Modena, cartomante terrorizza una coppia per estorcere migliaia di euro: «Pagate o vi colpirà una maledizione»

Una cartomante conosciuta su TikTok avrebbe estorto migliaia di euro a una coppia di Montecchio Emilia con minacce e presunti malefici.

Doveva essere un consulto gratuito, si è trasformato in una sequenza di richieste di denaro, minacce e paura. Una coppia residente a Montecchio Emilia, in provincia di Reggio Emilia, ha denunciato una presunta cartomante di 46 anni, residente nei pressi di Modena, dopo essere finita in una trappola iniziata con un video pubblicato su TikTok. La donna è stata identificata dai carabinieri attraverso i dati collegati ai pagamenti e denunciata alla Procura di Reggio Emilia con l’accusa di estorsione.

Cartomante su TikTok, dal consulto gratuito alla prima minaccia

Il primo contatto sarebbe avvenuto dopo la visualizzazione di un annuncio dedicato alla cartomanzia. Il messaggio promozionale lasciava intendere che la prima consulenza non avrebbe comportato alcun costo. Una proposta apparentemente innocua, che ha spinto una delle vittime a mettersi in contatto con la presunta veggente.

La conversazione, iniziata su TikTok, si sarebbe poi spostata su WhatsApp. È in quel momento che il tono della donna sarebbe cambiato. Dopo aver raccolto alcune informazioni personali, la 46enne avrebbe chiesto un versamento immediato di 50 euro su una carta prepagata.

Al rifiuto o alle esitazioni della vittima, sarebbero cominciate le minacce. La presunta cartomante avrebbe sostenuto che, senza il pagamento, una maledizione avrebbe colpito la donna e le persone a lei vicine. Avrebbe inoltre prospettato il rischio di un grave incidente stradale.

La vittima, impaurita dalla sicurezza con cui venivano pronunciate quelle previsioni, avrebbe deciso di effettuare il primo bonifico. Quel pagamento, però, non avrebbe chiuso il rapporto. Al contrario, avrebbe rappresentato l’inizio di richieste sempre più insistenti.

Le richieste salgono fino a 1.200 euro

Dopo il primo versamento da 50 euro, la presunta veggente avrebbe continuato a contattare la donna, sostenendo che fossero necessari altri rituali per bloccare le conseguenze negative annunciate. Le cifre richieste sarebbero aumentate rapidamente: prima 150 euro, poi somme più consistenti, fino ad arrivare a 1.200 euro per singolo pagamento.

Ogni richiesta sarebbe stata accompagnata dal richiamo a presunti sortilegi, malefici e pericoli imminenti. Secondo quanto denunciato, la cartomante avrebbe cercato di mantenere la vittima in uno stato di costante allarme, facendo leva sulla paura che qualcosa potesse accadere a lei o al suo compagno.

Le minacce, infatti, non sarebbero rimaste limitate alla donna. La 46enne avrebbe contattato direttamente anche l’uomo, estendendo a lui le previsioni negative e le pressioni economiche. La coppia si sarebbe così trovata coinvolta in un meccanismo nel quale ogni versamento generava una nuova richiesta.

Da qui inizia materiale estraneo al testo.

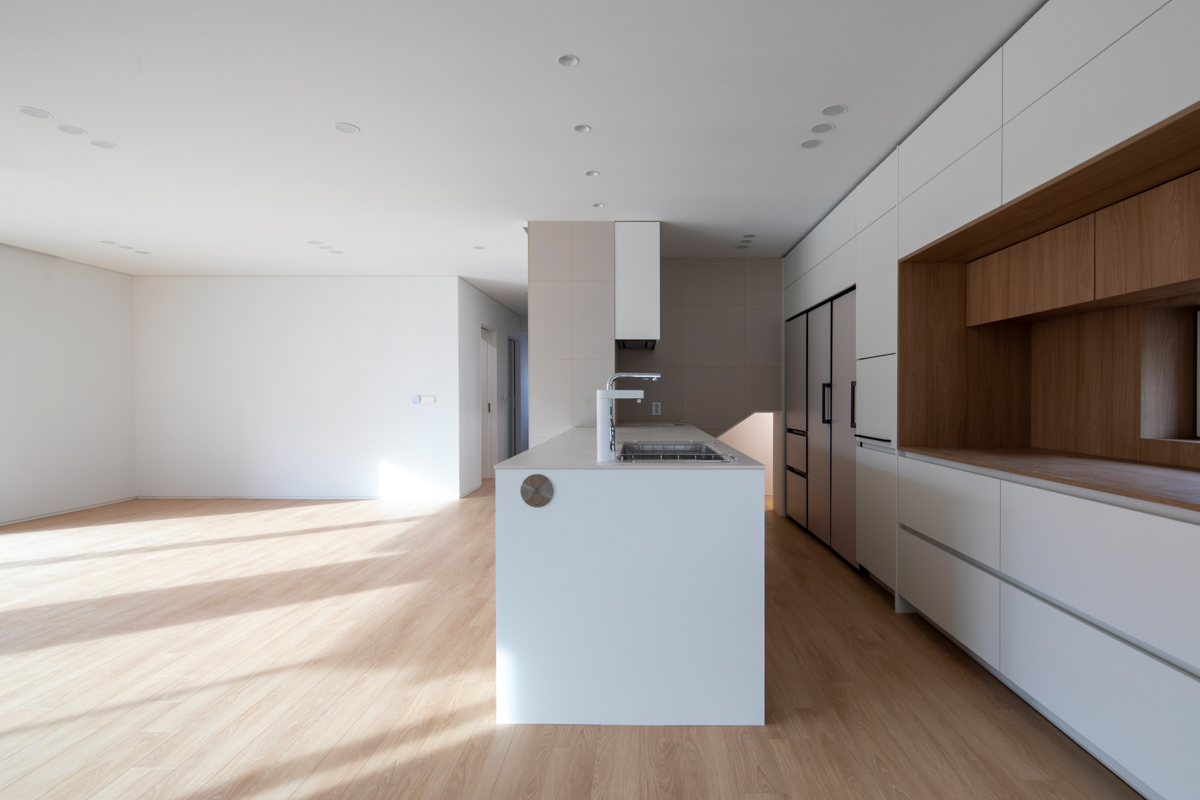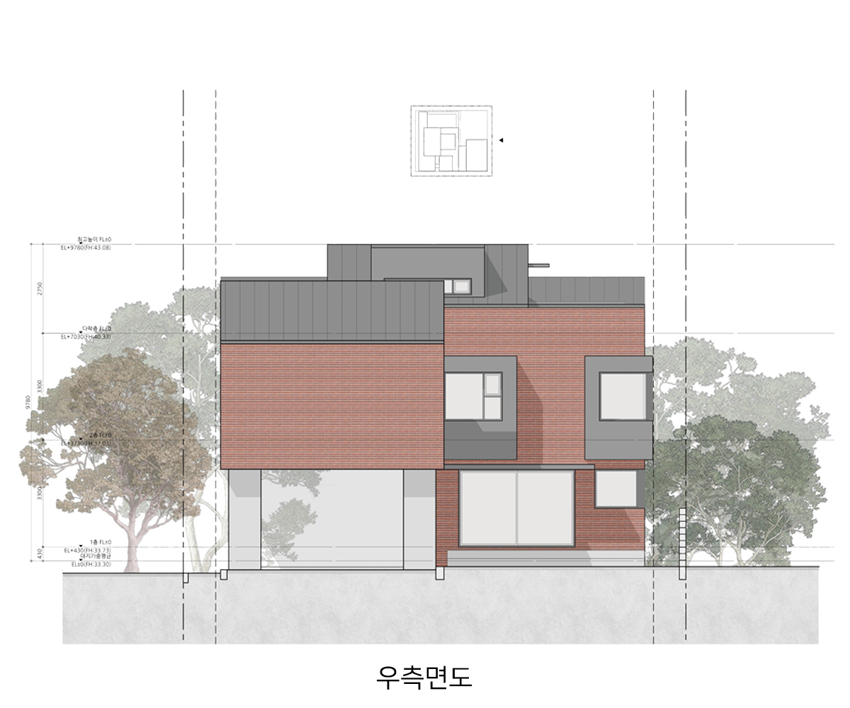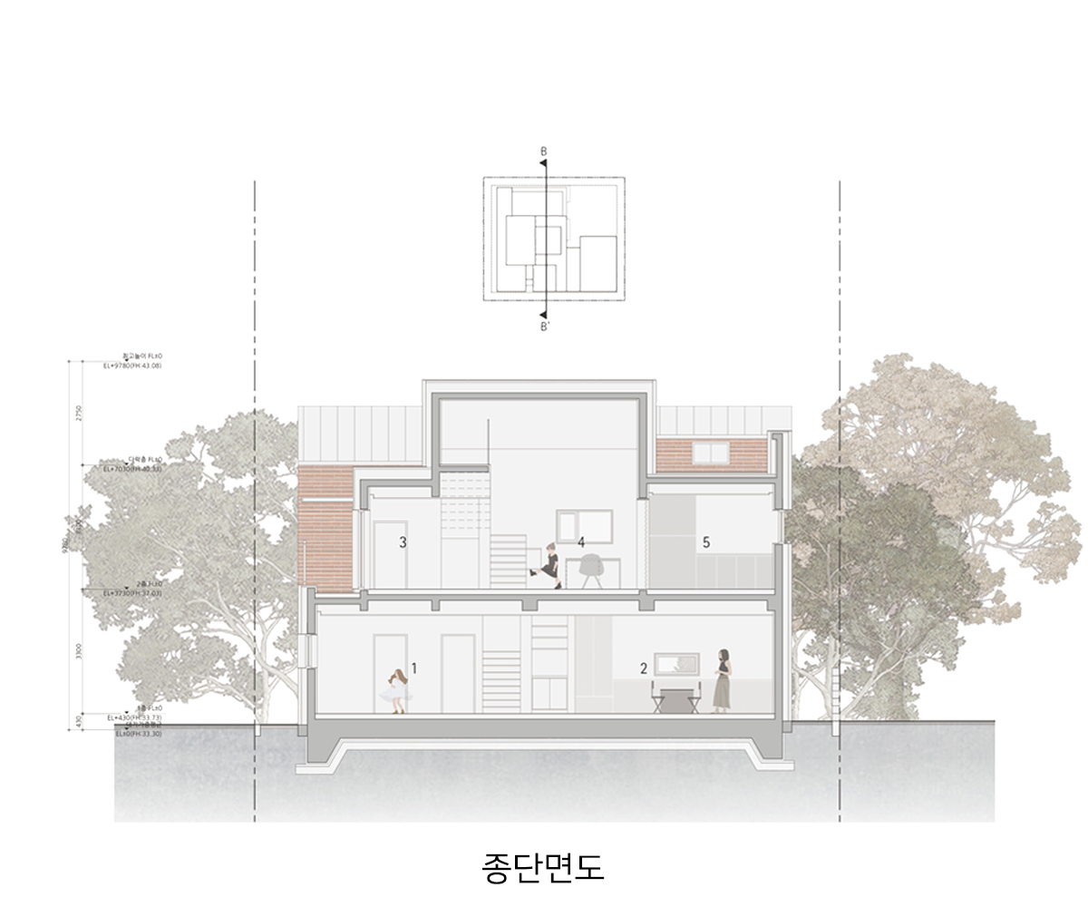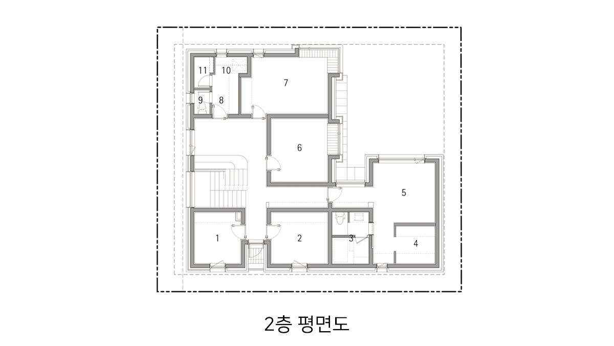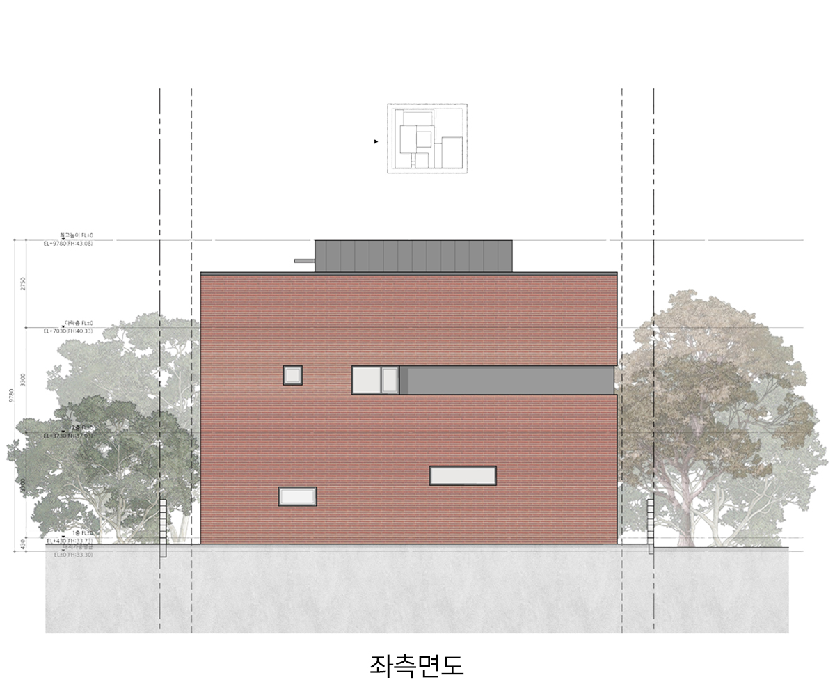 계획 대지는 동탄2신도시 택지지구 내 단독주택 필지로 법정건폐율 50%와 법정용적률 80%의 제한을 받는 필지이다. 거실, 방 등과 같은 필수 주거 공간 외에도 자녀들의 활동을 위한 공간과 부모의 개인 작업 공간을 하나의 건물 안에 담기 위해서는 면적에 대한 고민이 필요했다. 자녀들의 활동 공간을 충분히 확보하는 동시에 효율적인 공간 구성이 가능하도록 공간 내 단차 계획에 주의를 기울였다.

La frase utilizzata sarebbe stata netta: «Se non pagate vi colpirà una maledizione». Un avvertimento che, ripetuto insieme alla prospettiva di incidenti e conseguenze personali, avrebbe spinto le vittime a consegnare complessivamente migliaia di euro.

La denuncia e l’indagine dei carabinieri

Dopo settimane di pressioni, la coppia ha deciso di interrompere i pagamenti e rivolgersi ai carabinieri. I militari hanno ricostruito i contatti avvenuti sulle piattaforme digitali, esaminato i messaggi ricevuti e verificato i trasferimenti di denaro effettuati dalle vittime.

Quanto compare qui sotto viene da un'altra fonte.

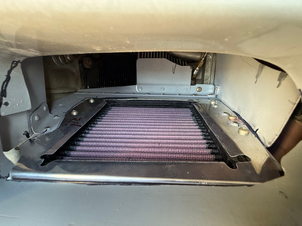 I then used the mounting bolts to install the snorkel to to the fuel servo, and the inlet ramp. I also fabricated the filter retaining bracket. The lower lip of the retaining bracket is folded down to provide some stiffness. The inboard edges are also bent down to apply a bit of pressure to the filter to prevent any movement.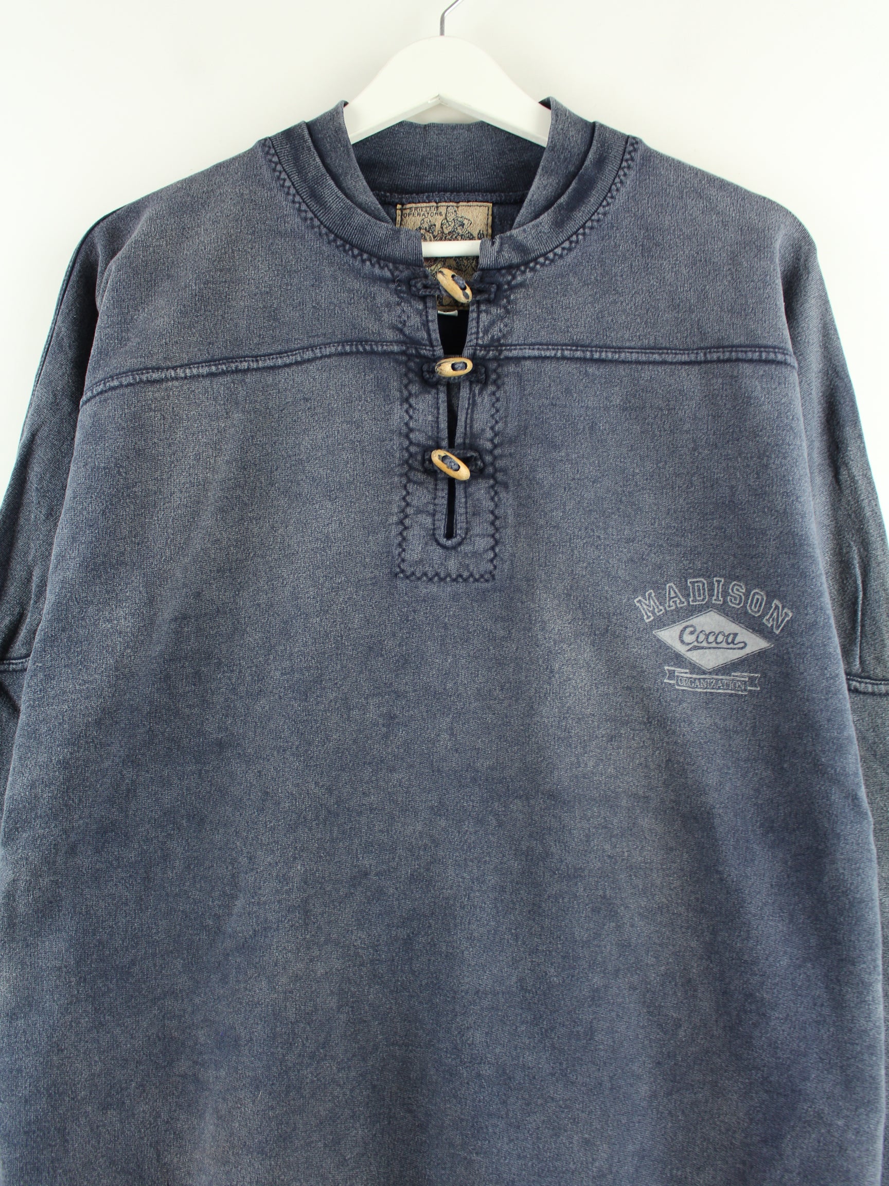 Blauer Vintage Sweater aus den 80'ern in Größe XXL. Er ist aus einer Baumwollmischung angefertigt und in sehr gutem Zustand zu bekommen. Mit chiquem Cocoa Print.

Un ruolo decisivo nell’identificazione della presunta responsabile sarebbe stato svolto dai dati bancari. I bonifici, le carte utilizzate e i codici fiscali indicati per i versamenti hanno consentito agli investigatori di risalire alla donna, una 46enne residente nell’area di Modena.

Al termine degli accertamenti, la presunta cartomante è stata denunciata alla Procura di Reggio Emilia con l’accusa di estorsione. Saranno ora gli inquirenti a verificare l’esatto ammontare delle somme versate, il numero dei contatti intercorsi e l’eventuale presenza di altre persone coinvolte in episodi analoghi.

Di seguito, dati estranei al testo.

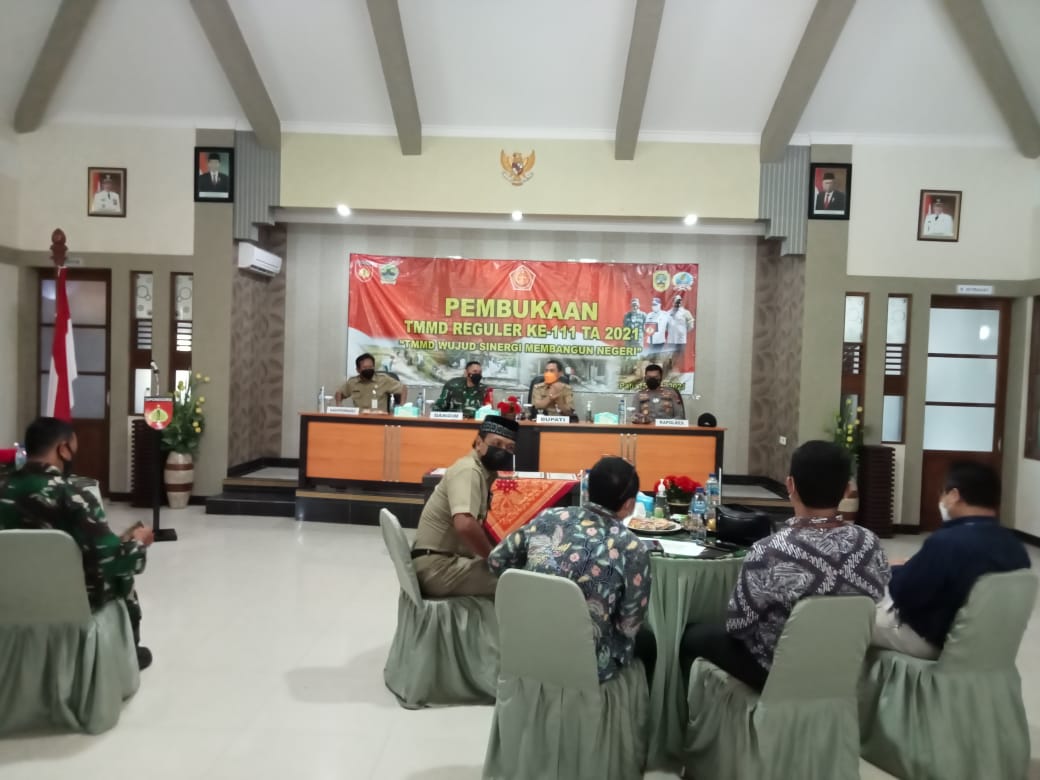 Karena situasi masih pandemi, acara pembukaan tidak dilakukan dilapangan desa lokasi TMMD, tetapi hanya di kantor balai desa dengan dihadiri unsur terkait demi menerapkan protokol kesehatan.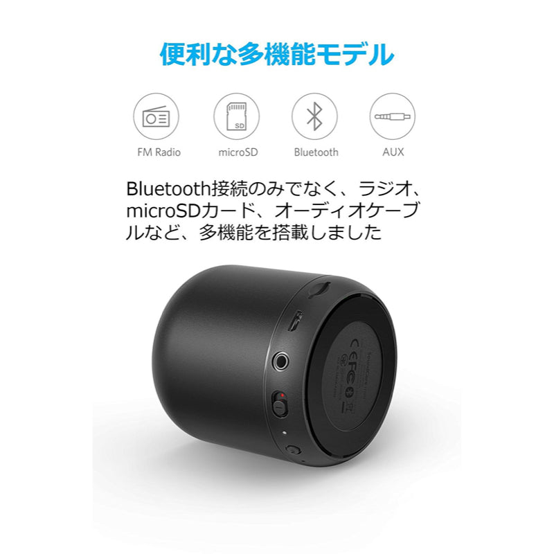 Bluetoothだけでなく、microSDカードやAUXモードにも対応。FMラジオも受信することができるので、様々な用途に対応しています (FMラジオを使用する際は、micro USBケーブルを接続してください) 。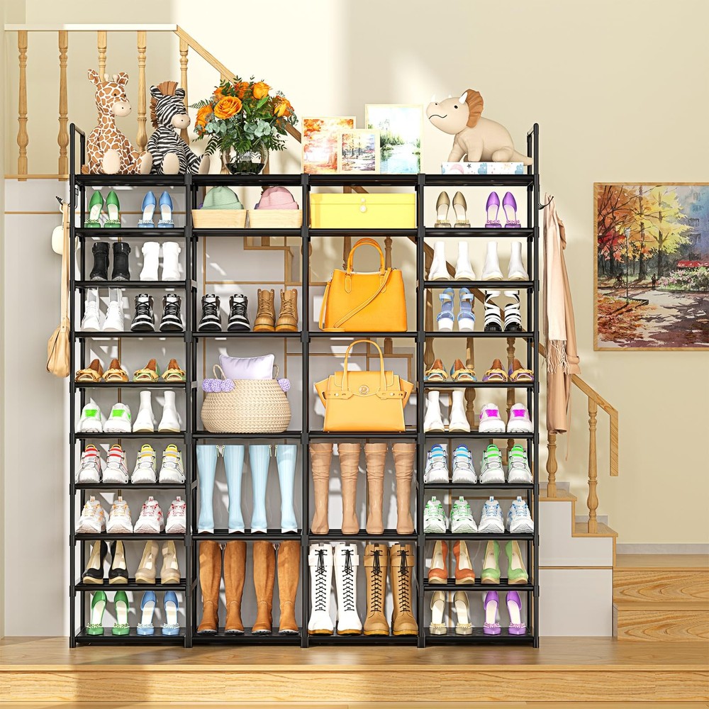 shoe rack shoe shelf shoe storage shoe organzier closet large shoe rack, boot storage 10 tier 72 pair metal shoe shelf black entryway shelves durable large big stackable cabinet free standing row sturdy LARGE CAPACITY 9 TIERS SHOE RACK --- Size: 68x 12x 66.5 Inches. Heightened and widened design make this large shoe rack stores up to 72-80 pairs adult shoes, won't wobble or topple. The height of this shoe storage rack can be freely assembled according to the needs of the shoes in different heights, such as Martin boots, women's boots, snow boot, high heels, sneakers, slippers, kid shoes, roller skate etc. EXPANDABLE & DIVIDABLE SHOE RACK--- You can DIY this big shoe rack according to your family storage needs. Split one big shoe rack into two or more storage racks, you can place the small shoe rack in closet, the other rack in your entryway, bedroom or living room. In any case, a sturdy organizer rack can keep your shoes or toys, tools well organized. DIY shoes racks, great solution to keep your entryway, closet, dormitory, garage... away from mess. STURDY COMPACT CONSTRUCTION ---large shoe organizer rack applied high quality PP as connectors and 13mm diameter sturdy smooth powder-coated corrosion-resistant metal pipes, good stability and prevent rusting, enables this shoe rack load much heavier duty and more durable while using. with 2 rows versatile hooks(10 hooks), 8 PP thick waterproof PP cover sheets, waterproof and easy to clean. DISASSEMBLED & ASSEMBLED FREELY---With hammer, the simple structure, numbered parts and detailed instructions, Let you can spend less time assembling. Please refer to the installation manual of the free standing shoe racks. DIY the shape you need (some shape show on product details picture). 100% SATISFACTION - offer LIFETIME professional customer service. If you have any question with our shoe rack, please let me know, we will full replacement ASAP! Tips: Use Warm water to soak the plastic part before use and use the Wooden Hammer provided for more Smoother installation.

La vicenda conferma i rischi legati alle consulenze pubblicizzate attraverso piattaforme digitali quando, dopo un primo contatto gratuito, vengono avanzate richieste economiche accompagnate da minacce. Nel caso denunciato a Montecchio Emilia, il tracciamento dei pagamenti ha permesso ai militari di attribuire un’identità alla persona indicata dalle vittime.